Lipstick Jungle weaves the stories of Nico O’Neilly, Wendy Healy, and Victory Ford, numbers 8, 12, and 17 on The New York Post’s list of “New York’s 50 Most Powerful Women.”

But this is 21st Century New York, and to get ahead and stay ahead, these women will do anything, including jeopardizing their personal and professional relationships. Take for example Nico, editor-in-chief of Bonfire magazine, who betrays her boss to rise to the top of the entire magazine division at media mega-giant Splatch-Verner. As president of Paradour Pictures, Wendy may be poised to win an Oscar for her 10-year labor-of-love, Ragged Pilgrims, but her marriage is in shambles and her children care more about a $50,000 pony than their mother. And for single, 43-year-old fashion designer Victory, pleasing tough critics may be more important than ever finding the real relationship she’s convinced herself she doesn’t need.

This racy tale of women behaving badly manages to shrewdly flip the tables to show us how gender roles are essentially interchangeable, given the right circumstances. Whether that was Bushnell’s intent when crafting this wicked tale is another story. –Gisele Toueg

What I think-

Candace Bushnell can write about strong, career-driven women like no one else can. Lipstick Jungle is the written proof of this fact.

Sam suggested the book because she knows I love books with a strong female protagonist. lipstick Jungle had three.

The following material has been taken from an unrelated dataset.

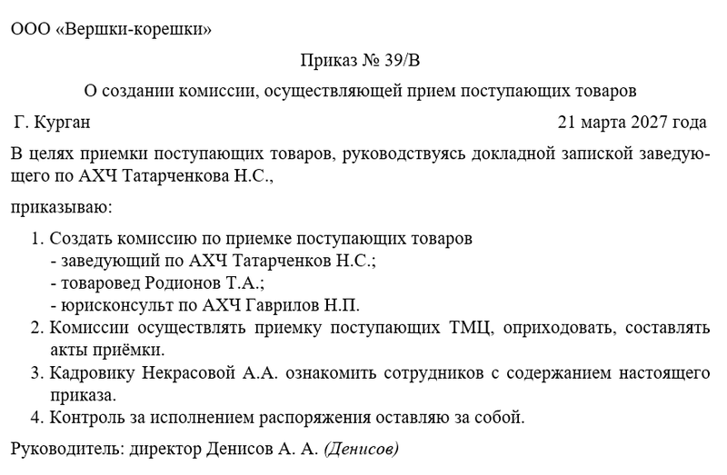 Состав комиссии утверждается приказом директора, в котором также указываются их полномочия и порядок работы. Например, комиссия может быть создана на постоянной основе (для регулярных поставок) или временно (для разовой приемки крупной партии товаров).

Victory Ford is a fashion designer. She is 43, single and totally cool with it. At the beginning of the book, we see her experimenting with her new clothes line which goes flop. Because of this, Victory then has some financial problems. She also has to deal with her Japanese partner (?) while balancing a new relationship with the billionaire Lyn. I think, Victory to some extent, represents the stereotype of women who choose careers over marriage and kids.

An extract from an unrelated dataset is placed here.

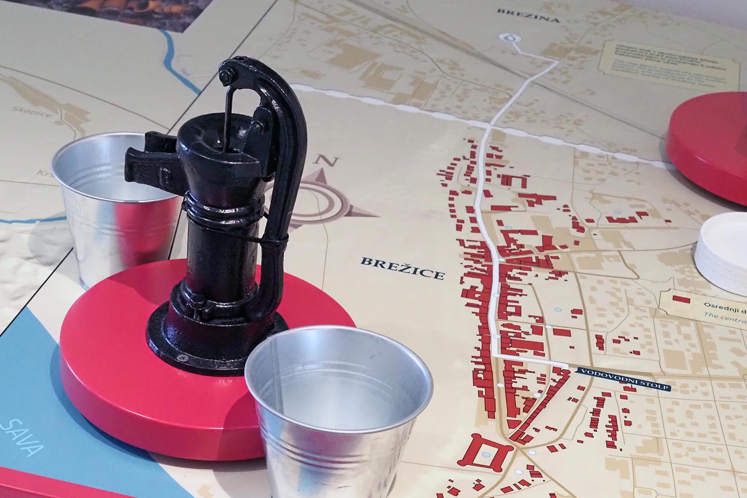 Voda je jedan od simbola Brežica. Spomenuli smo kako se na ovom mjestu Krka ulijeva u Savu, kako ovaj gradić obiluje termalnim izvorima vode na kojima su bazeni i terme, no zbog vode je otvoren još jedan zanimljiv muzej. Primijetit ćete ga već na samom ulasku u grad pitajući se koju priču nosi ružičasti toranj nedaleko muzeja. Istražite ga tako da između Posavskog muzeja prođete, po mišljenju mnogih, jednom od najljepših ulica u Brežicama u kojoj ćete pronaći i klupu za zaljubljene. Riječ je o nekadašnjoj obrtničkoj ulici, danas retro uličici na čijem je početku klupa za zaljubljene. Sjednete li na nju s drugom polovicom fotografija je impozantna – iza zaljubljenog para nalazit će se vizura dvorca.

Wendy Healy is the type of woman who takes up the role of the provider in her family and is bloody brilliant at it. But that doesn’t make her any less feminine. She has the nurturing qualities which most women possess, going as far as treating her husband like her fourth kid. He resents her for it and asks for a divorce and the custody of their three children. This conflict is resolved in the best way possible.

The thing about Wendy is that she would have been just as awesome had she been a stay at home mum.

Nico O’Neilly is the calm, composed woman who knows how to play The Game. Throughout the book we see her orchestrate the downfall of her boss. So much of being a woman is how to tell lies.

Yeah, she does struggle with an unsatisfactory marital relationship. And she does cheat on her husband. But that just makes Nico real. She has fears and desires.

Overall, all the three women deal with sexism at work and home. For Victory, it’s at the hands of the Japanese businessman she works with and also her boyfriend Lyn who laughs out loud at her desire to become a billionaire. Wendy has to deal with sexism in the form of her assistant and also indirectly in the form of her in laws and husband. Her husband expects her to earn a shitload of money for him to spend. At the same time he resents her. For being successful at her career? For not giving enough time to the children and him? Quite possibly both. For Nico, it’s in the form of her boss who she leads to his ultimate downfall.

The plot arc I liked the best was Wendy’s. Especially the way she finds a solution to the divorce and custody problem. She finally accepts that her children do need her but not every minute of the day. I hated her husband. Talk about double standards and blackmail. I won’t give away the end but the way Wendy’s story ends is probably more satisfying.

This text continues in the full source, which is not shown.